We need converters between planner_node and this operator. The planner_node really just stores a bunch of information in a generic map->any and we have to figure out our own schema in it. A bunch of assertions checks are removed for readability.

static std::shared_ptr<planner_node> make_planner_node(
std::shared_ptr<planner_node> source,
std::function<flexible_type(flexible_type)>fn,
flex_type_enum output_type) {
return planner_node::make_shared(planner_node_type::TRANSFORM_NODE,
{{"output_type", (int)(output_type)},
{{"function", any(fn)}},
{source});
}
static std::shared_ptr<query_operator> from_planner_node(
std::shared_ptr<planner_node> pnode) {
typedef std::function<flexible_type(flexible_type)> transform_type;
transform_type fn;
flex_type_enum output_type =
(flex_type_enum)(flex_int)(pnode->operator_parameters["output_type"]);
fn = pnode->any_operator_parameters["function"].as<transform_type>();
// call my own constructor
return std::make_shared<operator_impl>(fn, output_type);
}

To guide the graph verification and planning process of the logical graph, a couple of methods around type or length inference has to be provided.

static std::vector<flex_type_enum> infer_type(std::shared_ptr<planner_node> pnode) {
// we know our output type since we set it in ahead of time
return {(flex_type_enum)(int)(pnode->operator_parameters["output_type"])};
}
static int64_t infer_length(std::shared_ptr<planner_node> pnode) {
// The length of our output is the length of our input.
// So we recursively call the infer_planner_node_length on the input node.
return infer_planner_node_length(pnode->inputs[0]);
}

Finally, for convenience, we might typedef the whole class to something easier to read

typedef operator_impl<planner_node_type::TRANSFORM_NODE> op_transform;

Function Documentation

◆ DECL_CORO_STATE()

turi::query_eval::operator_impl< planner_node_type::SARRAY_SOURCE_NODE >::DECL_CORO_STATE ( execute  )

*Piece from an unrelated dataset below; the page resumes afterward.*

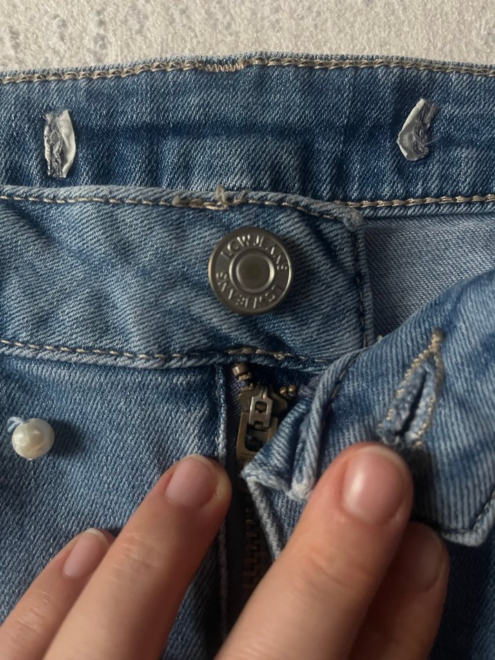 Düğmeli, mavi renkli, nakış detaylı ve parlak görünümlü, günlük kullanım için uygun, fitted kesim kadın denim pantolon. ✨

A "sarray_source" operator generates values from a physical sarray.

◆ unique_sarray_tag()

static size_t turi::query_eval::operator_impl< planner_node_type::SARRAY_SOURCE_NODE >::unique_sarray_tag ( const std::shared_ptr< sarray< flexible_type > > &  sa)
inlinestatic

Given an sarray, returns a small number uniquely associated with that sarray. This number is unique over the course of the program run.

Definition at line 148 of file sarray_source.hpp.